Hi Yingyi,
The answer to your question depends on whether the data extract you created has a long or a wide format. In both cases, however, you may choose to visually inspect women’s participation over three phases or create a variable denoting their participation at each survey phase. I’ll provide a few suggestions using code from Stata. Let’s assume you’re limiting your sample only to female respondents and that you generated an extract that includes observations from all three phases of the longitudinal panel. Let’s also assume that by “the number of times that an individual is followed” you mean “the number of time an individual completes or partly completes an interview”.
If using the wide format, you may notice that variables have suffixes (_1, _2 or _3) denoting their phase. You may then consider the variables RESULTFQ_1, RESULTFQ_2 and RESULTFQ_3. For example, in Stata, you could try to visually inspect this question using the commands:
sort country fqinstid
browse fqinstid resultfq_1 resultfq_2 resultfq_3
This yields a spreadsheet where each row represents a woman, with the three last columns representing her survey outcomes in all three phases. You may also chose to create your own variable denoting whether a woman was interviewed, completely or partly, for all or some of the phases. This variable would have seven categories: women interviewed in phases 1-2-3, women interviewed only in phases 1-2, women interviewed only in phases 1-3, women interviewed only in phases 2-3, women interviewed only in phases 1, women interviewed only in phases 2, women interviewed only in phases 3. In Stata, one quick way to accomplish this would be to recode the values of RESULTFQ_1, RESULTFQ_2 and RESULTFQ_3 and then concatenate the recoded variables:
recode resultfq_1 (1=1) (5=1) (else=.), gen(resultfq_1_recode)
recode resultfq_2 (1=2) (5=2) (else=.), gen(resultfq_2_recode)
recode resultfq_3 (1=3) (5=3) (else=.), gen(resultfq_3_recode)
egen phase_participation=concat(resultfq_1_recode resultfq_2_recode resultfq_3_recode)
This yields the seven categories highlighted above in a different order, with “.” denoting phases when women weren’t interviewed. For instance, the value “123” means that the respondent was interviewed in all phases, whereas the value “1.3” means the respondent was interviewed only in phases 1 and 3. Of course you may choose to label this variable and its values, or change their order, however suits you.

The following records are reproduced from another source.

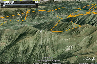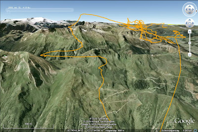 indultunk páran, de pár km után teljesen befújt az északi szél és mosott is le minket, muszáj volt a völgy déli oldalára váltani. A GE kép keletre néz, jól látszik, hogy némi nullázgatás után elindultam a völgyszéllel szembe keletnek, hogy beérjek egy a (remélhetőleg) völgyszélbe néző és napsütötte lefutó gerincet. Stabil 6-os termik volt a jutalom plafonig, a fenti video is itt készült.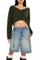 A fuzzy knit mock wrap sweater featuring a crossover design, dropped long sleeves, a V-neckline and cropped hem.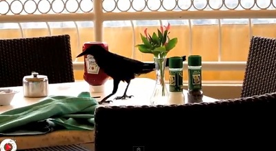 集合的從無助的人們偷吃食物的鳥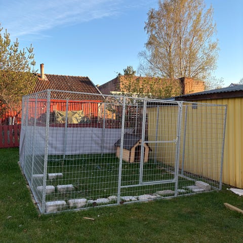 Hundgård i metallnät med grind och flera sektioner. Inne i gården finns en grå hundkoja med öppning fram och snedtak. 5 galler sektioner plus 1 dörr. Monteras ner för avhämtning. Hundkoja ingår om man vill.
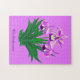 Pussel i en digital illustration av en vild- eller chidväxt, baserad på botaniska vintagar, med blommor i lavender-nyans till djup ametyst-lila och mörk grönt löv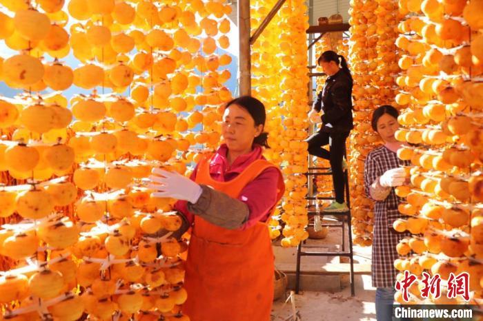 資料圖:金黃的柿子掛滿了房前屋后,一片黃澄澄金燦燦。 王小勇 攝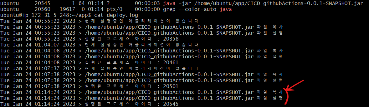 이 로그를 보면 현재 실행중인 애플리케이션이 없다고 한다. 하지만 아래처럼 쉘 스크립트를 넣어줬고, 기존 nohup을 죽이고 새로운 빌드 파일로도 변경이되서 nohup으로 돌아가는 상황. 근데 프로세스가 켜져있어서 stop.sh가 kill해줬다면 실행중인 프로세스 아이디와 애플리케이션 종료에 대한 로그도 찍혔어야하는 데 없다. 이미 stop전에 프로세스가 kill이 된 것으로 보인다.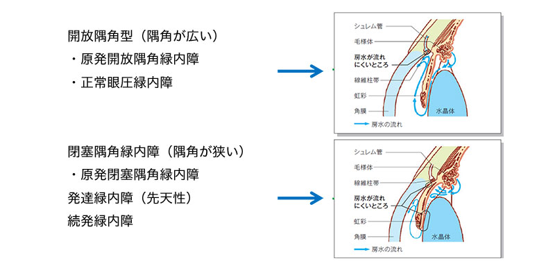原発緑内障はさらに原発開放隅角緑内障、原発閉塞隅角緑内障に分けられます。

If using the long format, you’ll need to operate differently because variables don’t have a suffix denoting which phase they belong to. This information can instead be found in another variable, PHASE. You could choose to simply visually inspect to survey outcomes by sorting the dataset and viewing the variable RESULTFQ in tandem with PHASE and FQINSTID. In Stata, this could look like:
sort country fqinstid phase
browse country fqinstid phase resultfq
This yields a spreadsheet where each row represent an observation of a woman at a given survey phase. You could also try to create a variable denoting the seven categories of participation I highlighted above. In Stata, one quick way to do this would be to concatenate a string version of the variable PHASE:
tostring phase, gen(phasestring)
bysort fqinstid (phase): generate phase_participation = phasestring[1] + phasestring[2] + phasestring[3]
This concatenated variable has a slightly different format than the concatenated variable obtained using the wide format. In this case, a value of “123” would still mean that the woman was interviewed in all three phases, but the value 13 would now denote that the woman was only interviewed in phases 1 and 3: that is, phases for which women weren’t interviewed simply do not appear. Once more, you may choose to label this variable and its values, or change the ordering, however suits you.